Mirrors are an obsession of mine. When I was a teenager, I took dance classes in one, two, and then three different studios. I could do ballet, tap, jazz, and modern, as well as acrobatics.

It was enjoyable at first. It was a hobby that I enjoyed and the friendships I made.

At the age of 14, I started to consider it a career and saw it as something I could do. I could combine my passion for performing arts with my love of writing. At 18 I knew I wanted to major and study English and dance so that I could choreograph and write musicals.

But I had a secret. I wasn’t well. I was attempting to slim down before every audition or major performance.

It is no secret that the beauty and fitness standards that the dance industry has set are unattainable for many people, especially for Black girls.
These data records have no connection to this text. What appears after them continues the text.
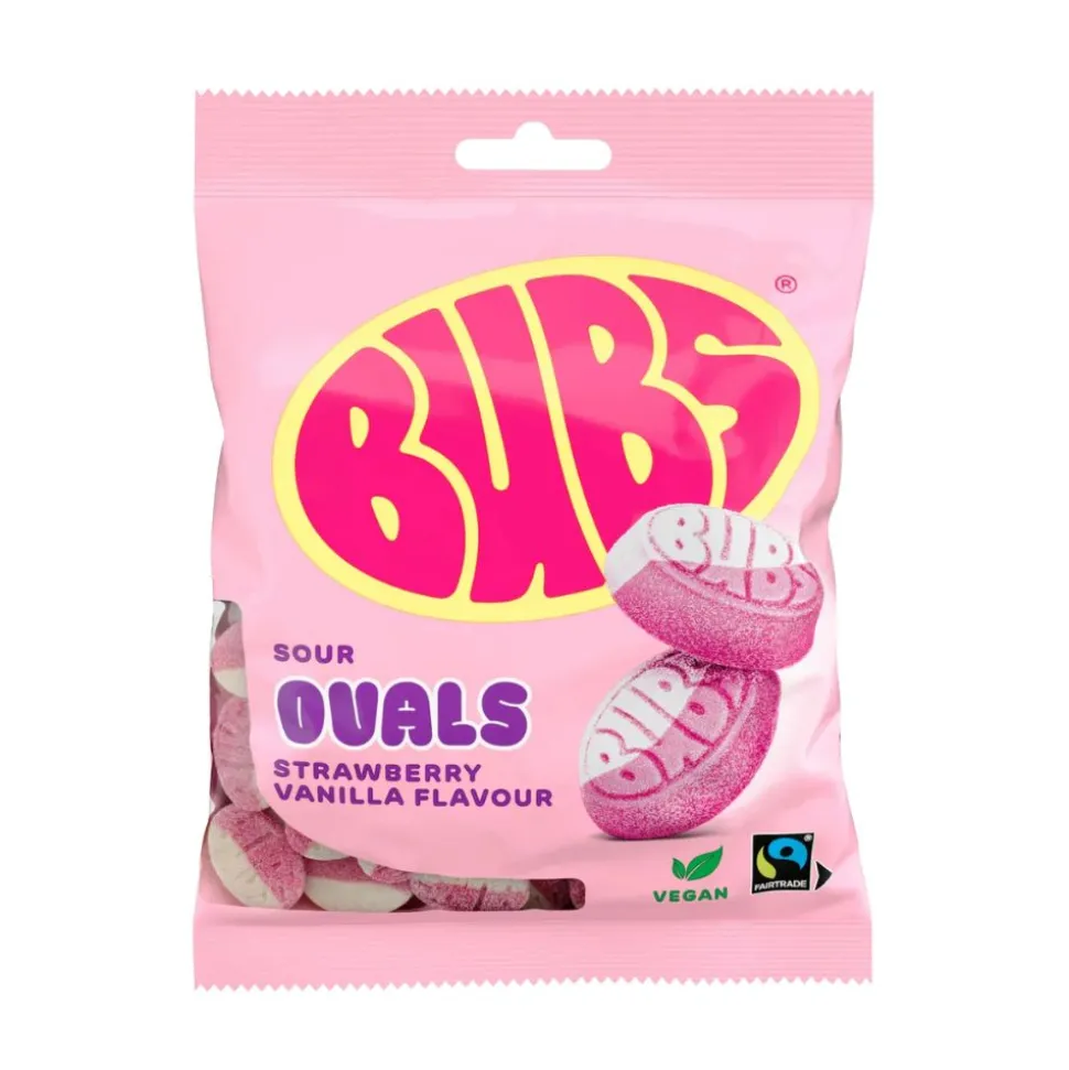 Confezione di Bubs Sour Ovals Strawberry Vanilla, caramelle gommose dal sapore aspro che unisce fragola e vaniglia. Queste caramelle ovali sono perfette per chi ama gusti fruttati dal tocco acidulo, con una consistenza morbida e piacevole da masticare. La combinazione di fragola fresca e vaniglia dolce e avvolgente rende ogni morso un’esperienza unica e golosa.
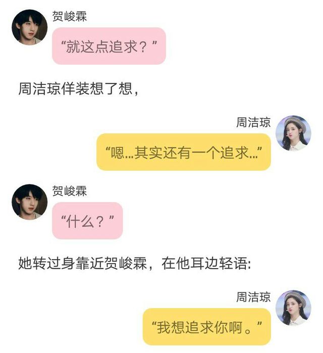 两人对上视线,周洁琼俏皮的对他眨了眨眼,贺峻霖看到她的动作,可能是被她可爱到了,他无奈一笑。
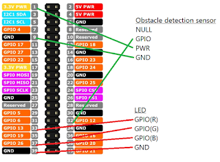 Obstacle detection sensor NULL (Not connected) GPIO <-> GPIO12 PWR <-> + GND <-> - LED GPIO(R) <-> GPIO13 GPIO(G) <-> GPIO26 GPIO(B) <-> GPIO16 GND <-> - |
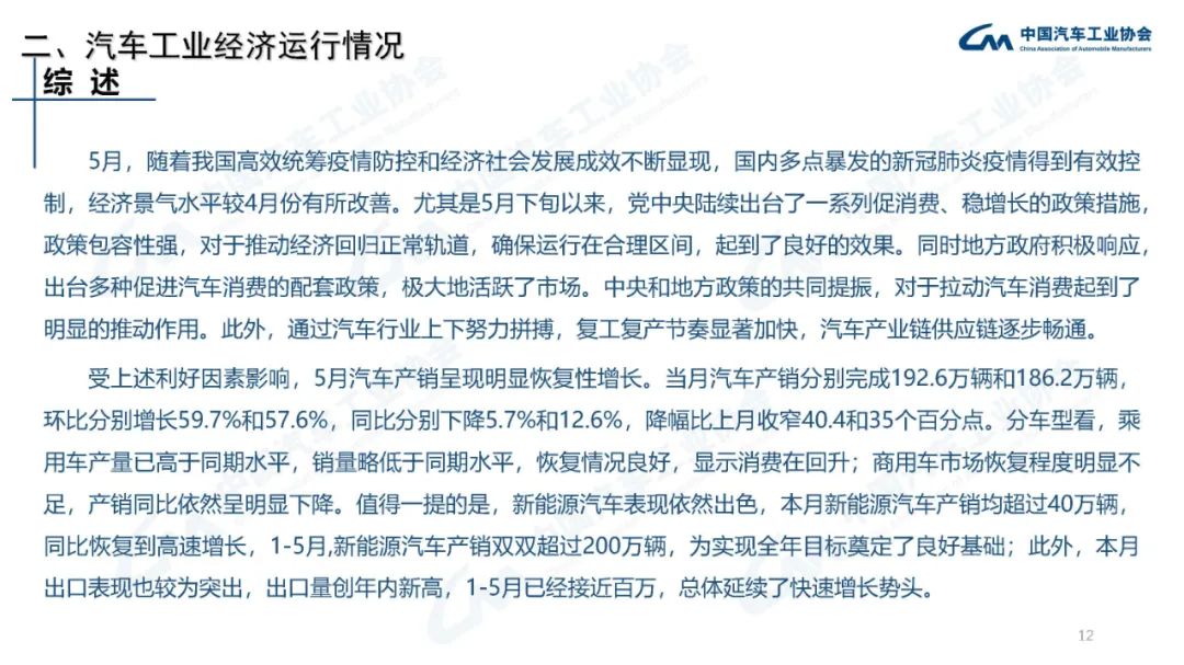受利好因素影響,5月汽車產(chǎn)銷呈現(xiàn)明顯恢復(fù)性增長(zhǎng)。乘用車產(chǎn)量已高于同期水平,銷量略低于同期水平,恢復(fù)情況良好;商用車市場(chǎng)恢復(fù)程度明顯不足,產(chǎn)銷同比依然呈明顯下降。新能源汽車表現(xiàn)依然出色。本月出口表現(xiàn)也較為突出,出口量創(chuàng)年內(nèi)新高。
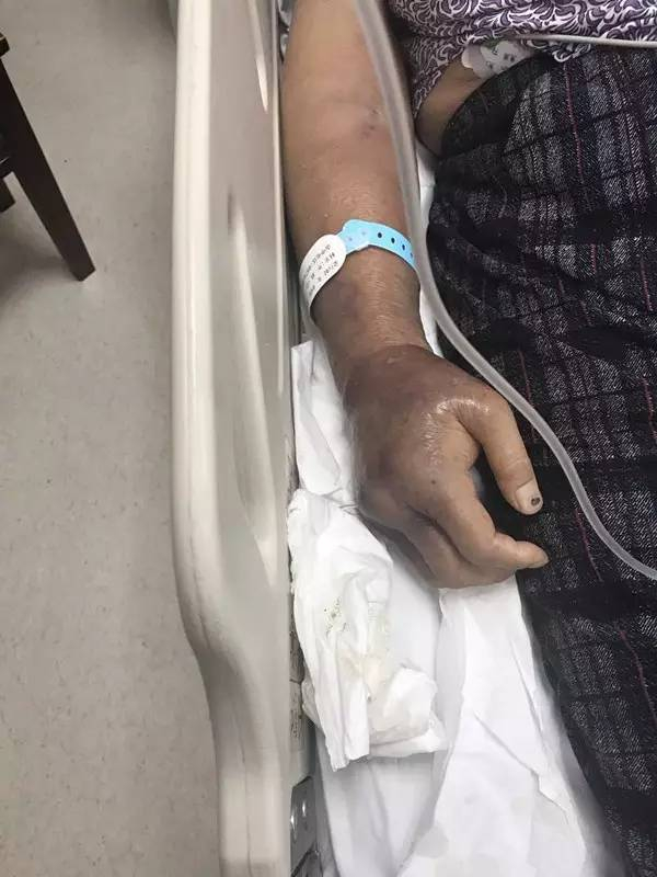 来的时候,黄大妈的意识还是清醒的,但是人已经非常虚弱,右手从手背到手肘肿的很厉害,皮肤颜色呈暗青色,还有许多水泡,有些水泡已经破溃流脓。急诊医生检查发现,黄大妈右手虎口处有破溃,伤口大面积感染,白细胞急剧下降,已经发展脓毒血症,很快陷入了昏迷状态。

To pursue a career in professional dance, I had to fulfill an expectation that was not set for me.

It was the first time that I felt the same emotions as many Black women when trying to navigate the world of fitness. The message is that the ideal body isn’t a Black one.

Allowing go of impossible ideals

My dance career was stressful enough without the added pressure of being rejected. After auditioning for many university dance programs the best rejected me. The programs they accepted me to were not for me. As an adult, I am now questioning my decision to reject Howard.

Combining rejection and unattainable standards can be a powerful combination.

I binged on sweets and junk food. Or anytime really. Because I loved to eat. I love food, no matter how large or small. Mealtime is an occasion that makes me happy and my stomach happy.

Afterward, I purged when I felt I could control the outcome.

When I first started college, I had to audition twice for the dance program at my university. I was rejected twice. At 19 I knew I couldn’t make a living dancing, no matter how much my love for it.

I danced with an extracurricular dance company on campus and then switched to creative writing and journalism as my academic focus.

I was able, by releasing the pressure I had placed on myself to be a good dancer, to also let go of some of my unhealthy behaviors. I quit binging and purging shortly after I began undergraduate school.

The “freshman fifteen” was my friend. I went to the gym only when I felt like doing so, and I had cycles of feeling a bit bloated to wanting to stop working out altogether. These are still my routines, better or worse, ten years later.